Verrallina pseudomediofasciata

Scientific classification
- Domain: Eukaryota
- Kingdom: Animalia
- Phylum: Arthropoda
- Class: Insecta
- Order: Diptera
- Family: Culicidae
- Genus: Verrallina
- Subgenus: Neomacleaya
- Species: V. pseudomediofasciata
- Binomial name: Verrallina pseudomediofasciata (Theobald, 1910)

= Verrallina pseudomediofasciata =

- Genus: Verrallina
- Species: pseudomediofasciata
- Authority: (Theobald, 1910)

Species of mosquito

Verrallina pseudomediofasciata is a species of mosquito in the genus Verrallina. It was first described by Frederick Vincent Theobald in 1910. Based on the known distribution of the genus Verrallina, this species is likely found in tropical regions, including Southeast Asia and northeastern Australia.

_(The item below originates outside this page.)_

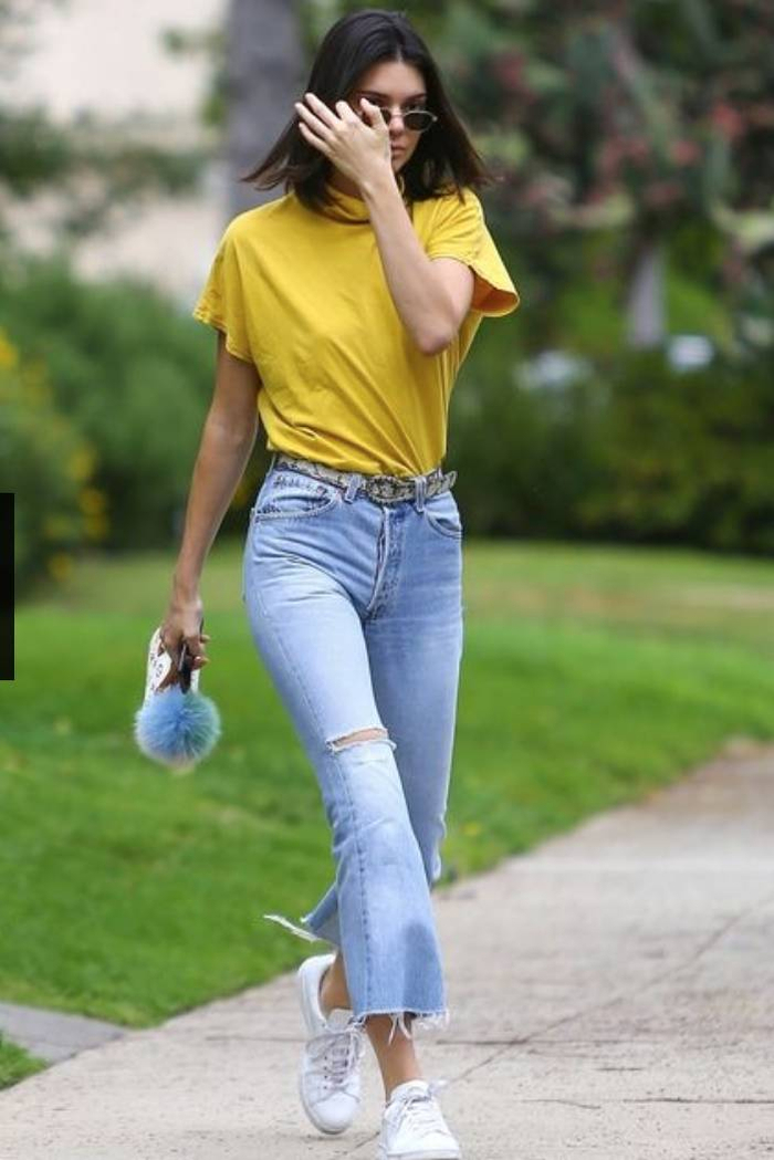 不难发现,超模在非正式场合的街拍中,不夸张地说也有六七成都在穿运动鞋,Kendall Jenner 自然也是典范之一。一件既宽松又再基础不过的黄色 Tee 轻松地塞进腰间,露出动物纹的腰带,勾勒出迷人腰线。磨边拉碎裤脚的牛仔裤与充满活力的运动鞋呼应着打造十足街头感!

== Ecology and behavior ==
Verrallina pseudomediofasciata is presumed to breed in temporary jungle ground waters, such as flood pools, puddles, and animal hoof prints, consistent with the habits of other species in the genus. Females may bite humans in shady jungle areas during the day, potentially impacting individuals working in environments like logging or palm oil plantations, though this behavior has not been specifically confirmed for this species.

== Medical significance ==
There is currently no clear evidence that Verrallina pseudomediofasciata acts as a vector for human diseases. While some species within the genus Verrallina have been associated with viruses such as Barmah Forest and Ross River virus in Australia, the role of V. pseudomediofasciata in disease transmission remains poorly studied and undocumented.